- **INFORMATION**:

*** Begin section ***

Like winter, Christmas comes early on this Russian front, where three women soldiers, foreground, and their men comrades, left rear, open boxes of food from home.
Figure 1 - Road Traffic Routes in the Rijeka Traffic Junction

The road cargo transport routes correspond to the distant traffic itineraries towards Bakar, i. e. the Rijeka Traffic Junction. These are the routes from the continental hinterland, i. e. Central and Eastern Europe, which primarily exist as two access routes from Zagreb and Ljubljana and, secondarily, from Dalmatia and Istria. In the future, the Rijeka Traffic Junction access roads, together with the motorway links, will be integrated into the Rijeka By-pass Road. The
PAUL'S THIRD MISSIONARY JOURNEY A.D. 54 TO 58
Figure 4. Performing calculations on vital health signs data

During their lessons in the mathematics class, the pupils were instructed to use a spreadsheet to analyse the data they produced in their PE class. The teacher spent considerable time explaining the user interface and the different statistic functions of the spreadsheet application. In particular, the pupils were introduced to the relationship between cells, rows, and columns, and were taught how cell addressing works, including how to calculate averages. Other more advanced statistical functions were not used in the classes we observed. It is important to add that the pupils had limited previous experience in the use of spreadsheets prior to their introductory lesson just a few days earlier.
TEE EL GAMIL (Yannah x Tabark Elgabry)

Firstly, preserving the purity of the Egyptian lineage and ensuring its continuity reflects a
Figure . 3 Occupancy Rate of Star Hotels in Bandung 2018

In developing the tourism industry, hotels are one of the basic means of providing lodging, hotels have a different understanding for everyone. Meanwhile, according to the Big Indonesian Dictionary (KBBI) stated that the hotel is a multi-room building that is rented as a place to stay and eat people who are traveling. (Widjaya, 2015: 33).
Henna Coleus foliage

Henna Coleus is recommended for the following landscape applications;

*** End section ***
*** Begin section ***

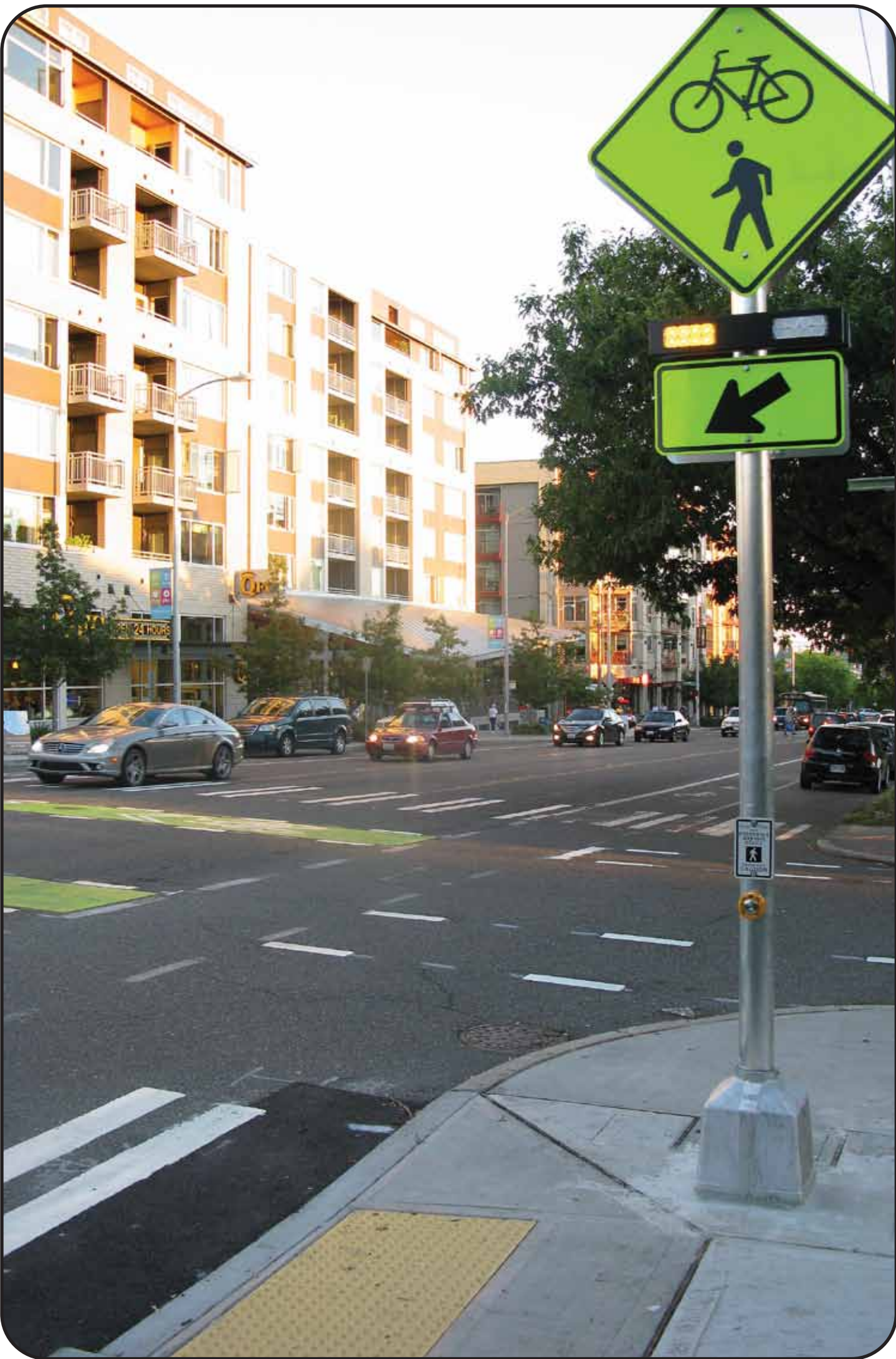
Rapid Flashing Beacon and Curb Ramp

*** End section ***

- **EXERCISE BRIEF**: Set down, from the entries above, exactly the lines from the one with "Like winter, Christmas" up to and including the one with "Figure 1 - Road", and no other lines.

- **TASK ANSWER**:
Like winter, Christmas comes early on this Russian front, where three women soldiers, foreground, and their men comrades, left rear, open boxes of food from home.
Figure 1 - Road Traffic Routes in the Rijeka Traffic Junction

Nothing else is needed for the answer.